◆ Your instructions
Transcribe the listing exactly, so that nothing but the pictures is missing.

◆ Records for processing
◇ ◇ ◇

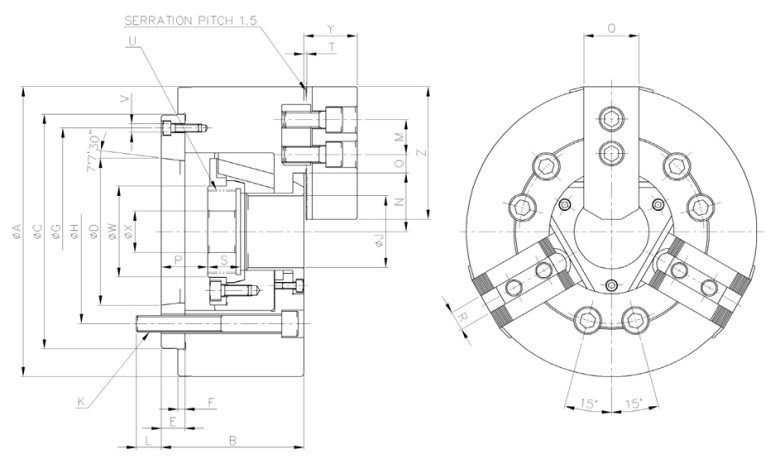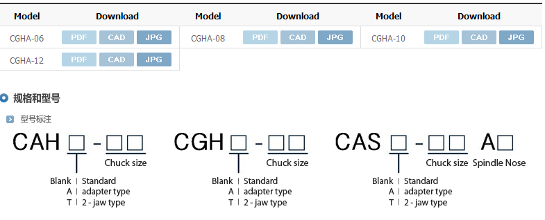 特征• 性能好、精度高 : 此卡盘与CAH型卡盘结构相同,因此确保其优越的性能和质量,且附件和连接部件具有兼容性。• 直接安装型 : 可直接安装在符合国际准A型主轴的短锥安装面上。• 换装方便 : 若更换附件可在最短的时间内,达到其运行的精度要求。• 便于安装选择 : 可通过转接法兰与各不同规格的主轴连接,扩大了其使用范围。
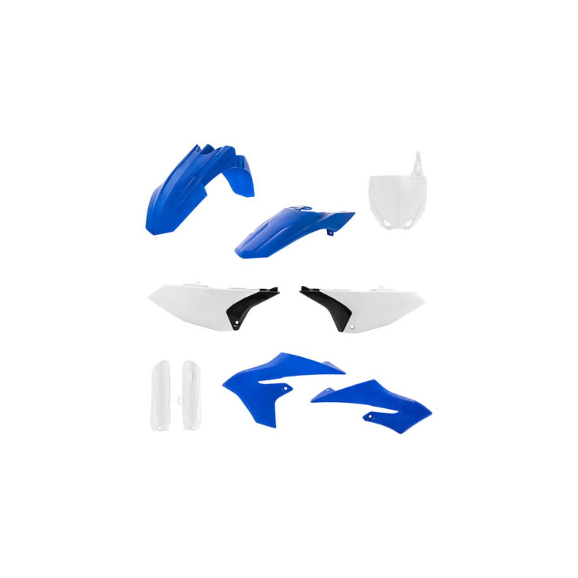 Kits include: side panels, front fender, front number plate, lower fork cover set, radiator scoops and rear fender.
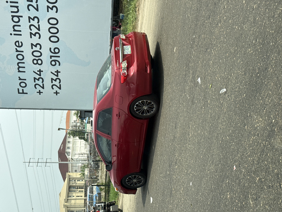 A red Toyota Corolla sedan, bearing Nigerian license plate KRD 452HE, is stationary on a paved asphalt road in Ilado, Nigeria
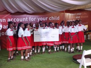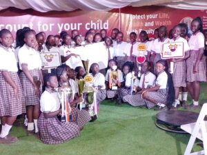 Students of Nzoia Sugar Company Primary and JSS celebrate cash prize during a national festival. PHOTO/FILE
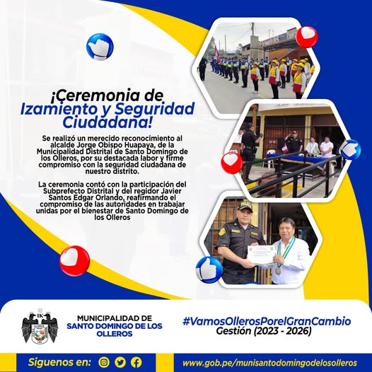 En el marco del izamiento del Pabellón Nacional, se reconoció la labor y compromiso de las autoridades de Santo Domingo de los Olleros, reafirmando el trabajo articulado con…
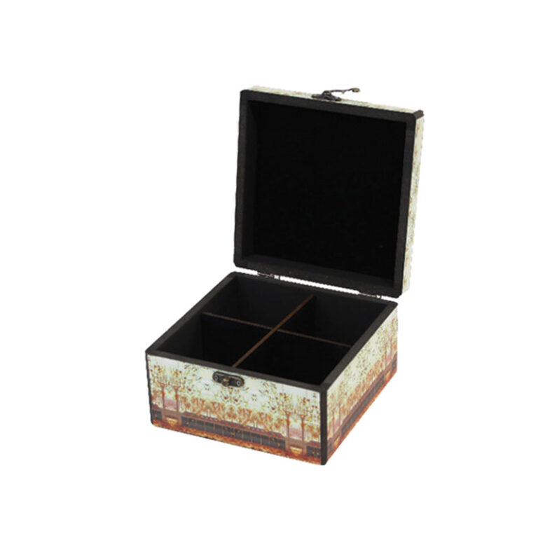 این جعبه دکوپاژ با تصویر زوجی در میان درختان پاییزی، حسی از آرامش، عشق و نوستالژی را منتقل میکند. ترکیب رنگهای گرم پاییز، با زمینهی ملایم و بافت تصویری غنی، این جعبه را به یک عنصر دکوراتیو احساسی و لطیف تبدیل کرده است؛ درست مثل یک فریم از یک فیلم عاشقانه.
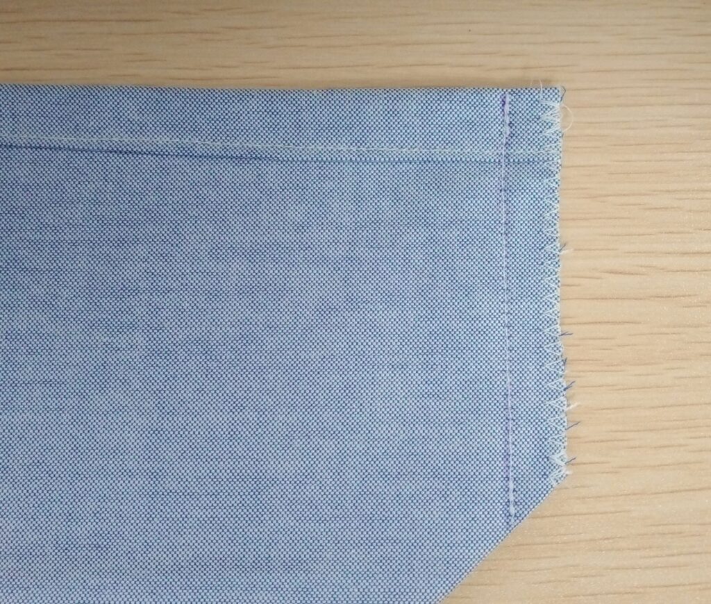 処理がされていない2辺を1cm+1cmの3つ折りにして縫います。
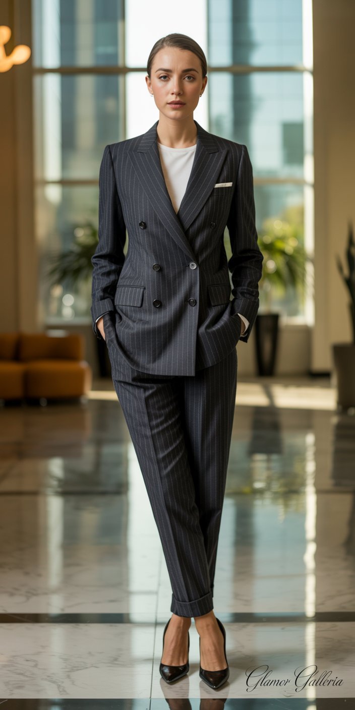 Nothing says “boardroom boss” like a pinstripe, double-breasted suit. In the 1980s, wider pinstripes on charcoal or navy backgrounds established a no-nonsense aesthetic Wikipedia. For 2025, seek out updated cuts—slimmer lapels, shorter jackets, and tapered trousers—while preserving that confident stripe.
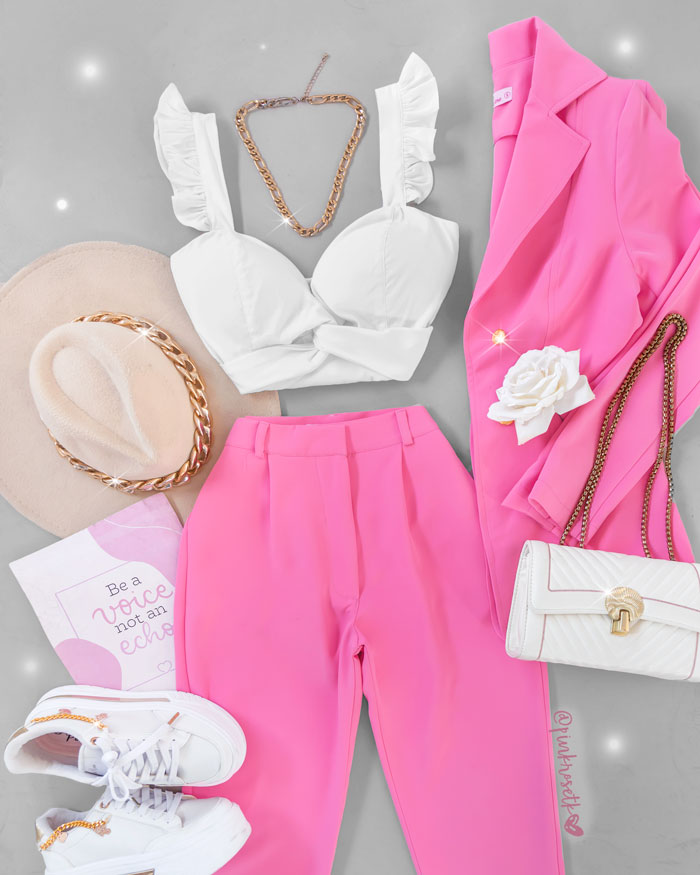 ¡Destaca con nuestro elegante set de pantalón y blazer en rosado chicle! Con botones dorados que le dan un toque de sofisticación. Ideal para cualquier ocasión, este conjunto te hará sentir segura y a la moda. Nunca pasarás desapercibida con este conjunto único. ¡Hazte notar y luce fabulosa!
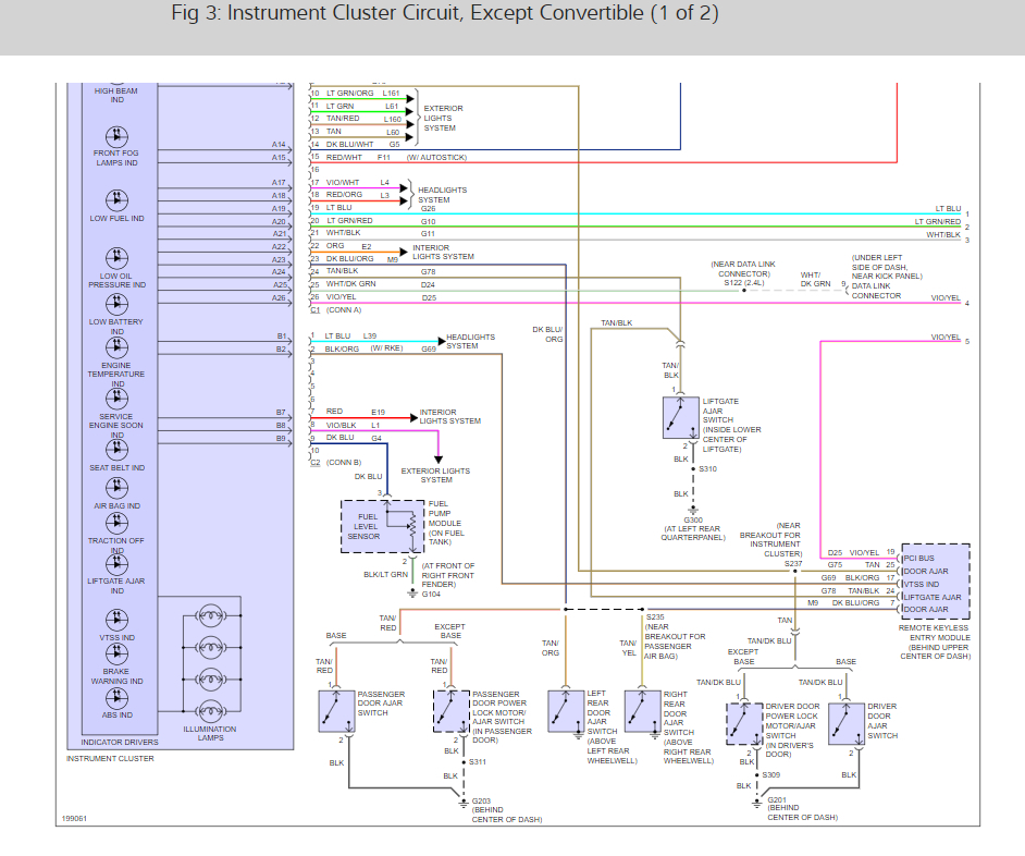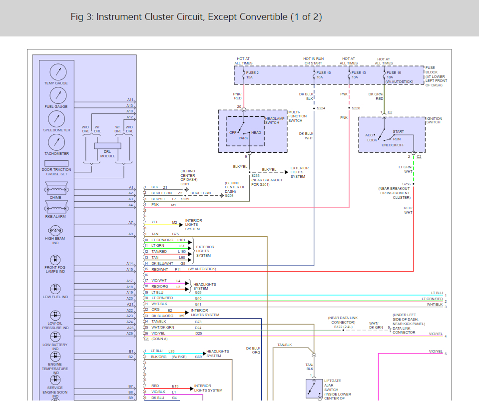 Thanks for the video it helps. start by checking the fuses #10 and #13 for power. here is a guide to help us with the fuse locations below with the cluster wiring diagrams so you can see how the system works:
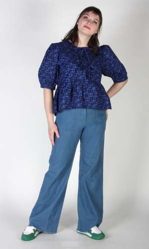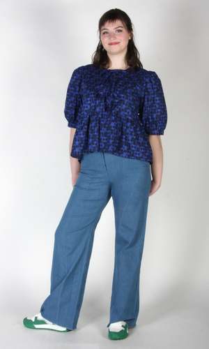 Special Notes: This item is part of our Studio Sale event and is lightly damaged. There are a couple of tiny holes on the ties. Nunlet is a tie-front top with full sleeves that gather into a cuff, and a breezy, relaxed fit. There is an under-flap at the front placket so you can still tie the top closed, but there is no gap in the front. This richly hued cotton print features transparent layers of blue, from cobalt and sapphire to navy. It is also available in Summer Sleep, Morning Pastoral, and Straw Flower. Shown here with Bloodfool pant in Medium Wash. Nunlet is made of 100% cotton, and can be hand or machine washed on a cold, delicate cycle and hung to dry. This top has a very relaxed silhouette, and if you would like a fit similar to what you see on the models, you can follow the size chart recommendations for your body measurements. Ruby is 5'10" and wears size M. The sleeve measures between 15 (XS) and 16 (3X) inches from the top of the shoulder to the hem. Finished measurements of the actual top in the bust, followed by the shoulder width, and shoulder-to-hem length (in brackets), in inches, are as follows: XS - 36 / 14 (22.5) S - 38 / 14.25 (22.75) M - 40 / 14.5 (23) L - 42 / 15 (23.25) XL - 44 / 15.5 (23.5) 2X - 48 / 15.75 (24) 3X - 52 / 16 (24.5) Everything at Birds of North America is vegan and has been made ethically in Canada since 2007. The brand has a strong focus on sustainability and strives to create high-quality garments that last a long time.
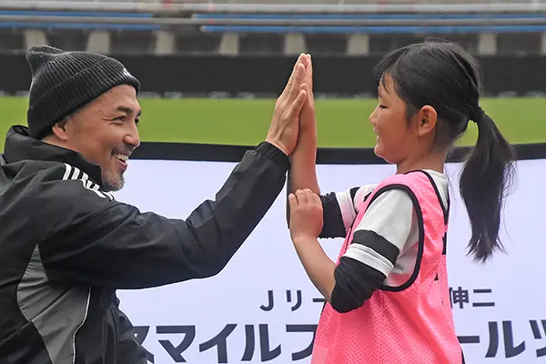 約1時間半にわたるプログラムを終えると、「みんなうまくなりたいと思えたかな。サッカーは楽しいでしょ。誰よりも練習して、たくさんボールに触って」と笑顔で優しく語りかけた小野さん。最後は全員とハイタッチして締めくくった。
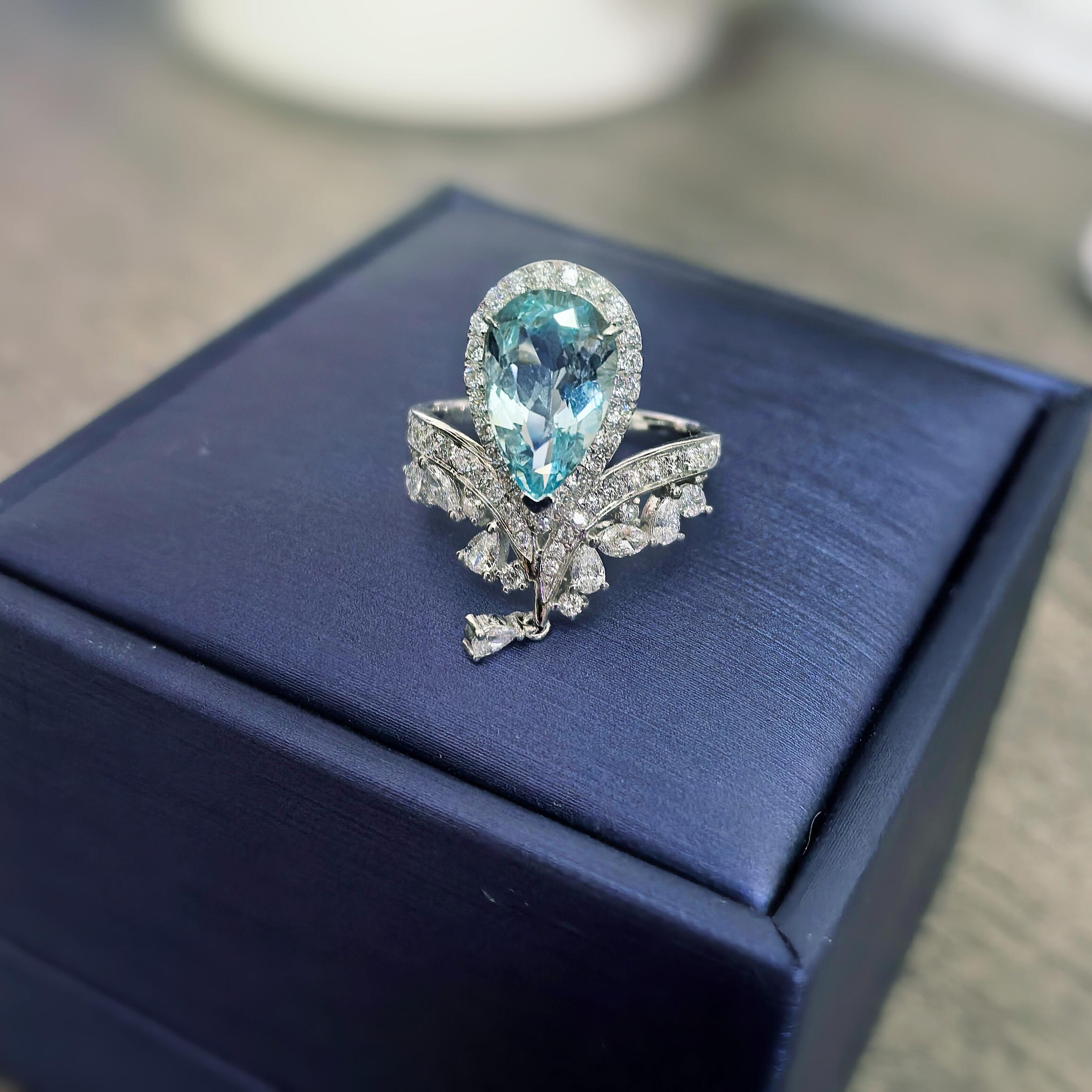 This premium statement ring features a 5-carat lab-grown aquamarine as the centerpiece, crafted in pear shape with VS2 clarity and set in premium 18K white gold, paired with lab-grown diamond accents (D-F color, VS1 clarity). The aquamarine’s bright sea-blue hue creates a harmonious contrast with the white gold’s cool luster and the diamonds’ brilliance, embodying the precision of lab-grown gem technology and modern jewelry craftsmanship—suitable for high-end occasions, milestone gifting and daily elegance.
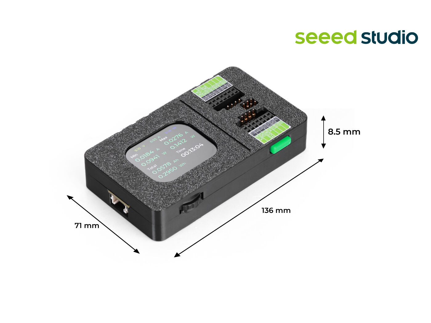 📉 Track power consumption down to μA levels with ⚡ three specialized measurement interfaces. 🔎 Monitor voltage/current readings, ultra‑low‑power states, and consumption patterns with ⛰️ peak/valley identification. 🧪 Each unit is factory‑calibrated for maximum accuracy (±10% @ 1–10 μA), ensuring 🔐 confident battery life validation and 💡 energy optimization. 🛠️ Works seamlessly with both standalone XIAO boards and complete XIAO‑based projects — ready to use straight out of the box 📦.
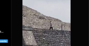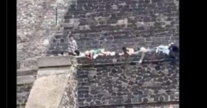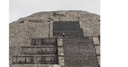 En un video que circula en redes, se observa a un hombre que disparó desde la parte alta de la Pirámide de la Luna; los turistas desconcertados pidieron auxilio a la Policía.

◇ ◇ ◇

◆ Result below
 特征• 性能好、精度高 : 此卡盘与CAH型卡盘结构相同,因此确保其优越的性能和质量,且附件和连接部件具有兼容性。• 直接安装型 : 可直接安装在符合国际准A型主轴的短锥安装面上。• 换装方便 : 若更换附件可在最短的时间内,达到其运行的精度要求。• 便于安装选择 : 可通过转接法兰与各不同规格的主轴连接,扩大了其使用范围。
 Kits include: side panels, front fender, front number plate, lower fork cover set, radiator scoops and rear fender.
 A red Toyota Corolla sedan, bearing Nigerian license plate KRD 452HE, is stationary on a paved asphalt road in Ilado, Nigeria
 Students of Nzoia Sugar Company Primary and JSS celebrate cash prize during a national festival. PHOTO/FILE
 En el marco del izamiento del Pabellón Nacional, se reconoció la labor y compromiso de las autoridades de Santo Domingo de los Olleros, reafirmando el trabajo articulado con…
 این جعبه دکوپاژ با تصویر زوجی در میان درختان پاییزی، حسی از آرامش، عشق و نوستالژی را منتقل میکند. ترکیب رنگهای گرم پاییز، با زمینهی ملایم و بافت تصویری غنی، این جعبه را به یک عنصر دکوراتیو احساسی و لطیف تبدیل کرده است؛ درست مثل یک فریم از یک فیلم عاشقانه.
 処理がされていない2辺を1cm+1cmの3つ折りにして縫います。
 Nothing says “boardroom boss” like a pinstripe, double-breasted suit. In the 1980s, wider pinstripes on charcoal or navy backgrounds established a no-nonsense aesthetic Wikipedia. For 2025, seek out updated cuts—slimmer lapels, shorter jackets, and tapered trousers—while preserving that confident stripe.
 ¡Destaca con nuestro elegante set de pantalón y blazer en rosado chicle! Con botones dorados que le dan un toque de sofisticación. Ideal para cualquier ocasión, este conjunto te hará sentir segura y a la moda. Nunca pasarás desapercibida con este conjunto único. ¡Hazte notar y luce fabulosa!
 Thanks for the video it helps. start by checking the fuses #10 and #13 for power. here is a guide to help us with the fuse locations below with the cluster wiring diagrams so you can see how the system works:
 Special Notes: This item is part of our Studio Sale event and is lightly damaged. There are a couple of tiny holes on the ties. Nunlet is a tie-front top with full sleeves that gather into a cuff, and a breezy, relaxed fit. There is an under-flap at the front placket so you can still tie the top closed, but there is no gap in the front. This richly hued cotton print features transparent layers of blue, from cobalt and sapphire to navy. It is also available in Summer Sleep, Morning Pastoral, and Straw Flower. Shown here with Bloodfool pant in Medium Wash. Nunlet is made of 100% cotton, and can be hand or machine washed on a cold, delicate cycle and hung to dry. This top has a very relaxed silhouette, and if you would like a fit similar to what you see on the models, you can follow the size chart recommendations for your body measurements. Ruby is 5'10" and wears size M. The sleeve measures between 15 (XS) and 16 (3X) inches from the top of the shoulder to the hem. Finished measurements of the actual top in the bust, followed by the shoulder width, and shoulder-to-hem length (in brackets), in inches, are as follows: XS - 36 / 14 (22.5) S - 38 / 14.25 (22.75) M - 40 / 14.5 (23) L - 42 / 15 (23.25) XL - 44 / 15.5 (23.5) 2X - 48 / 15.75 (24) 3X - 52 / 16 (24.5) Everything at Birds of North America is vegan and has been made ethically in Canada since 2007. The brand has a strong focus on sustainability and strives to create high-quality garments that last a long time.
 約1時間半にわたるプログラムを終えると、「みんなうまくなりたいと思えたかな。サッカーは楽しいでしょ。誰よりも練習して、たくさんボールに触って」と笑顔で優しく語りかけた小野さん。最後は全員とハイタッチして締めくくった。
 This premium statement ring features a 5-carat lab-grown aquamarine as the centerpiece, crafted in pear shape with VS2 clarity and set in premium 18K white gold, paired with lab-grown diamond accents (D-F color, VS1 clarity). The aquamarine’s bright sea-blue hue creates a harmonious contrast with the white gold’s cool luster and the diamonds’ brilliance, embodying the precision of lab-grown gem technology and modern jewelry craftsmanship—suitable for high-end occasions, milestone gifting and daily elegance.
 📉 Track power consumption down to μA levels with ⚡ three specialized measurement interfaces. 🔎 Monitor voltage/current readings, ultra‑low‑power states, and consumption patterns with ⛰️ peak/valley identification. 🧪 Each unit is factory‑calibrated for maximum accuracy (±10% @ 1–10 μA), ensuring 🔐 confident battery life validation and 💡 energy optimization. 🛠️ Works seamlessly with both standalone XIAO boards and complete XIAO‑based projects — ready to use straight out of the box 📦.
 En un video que circula en redes, se observa a un hombre que disparó desde la parte alta de la Pirámide de la Luna; los turistas desconcertados pidieron auxilio a la Policía.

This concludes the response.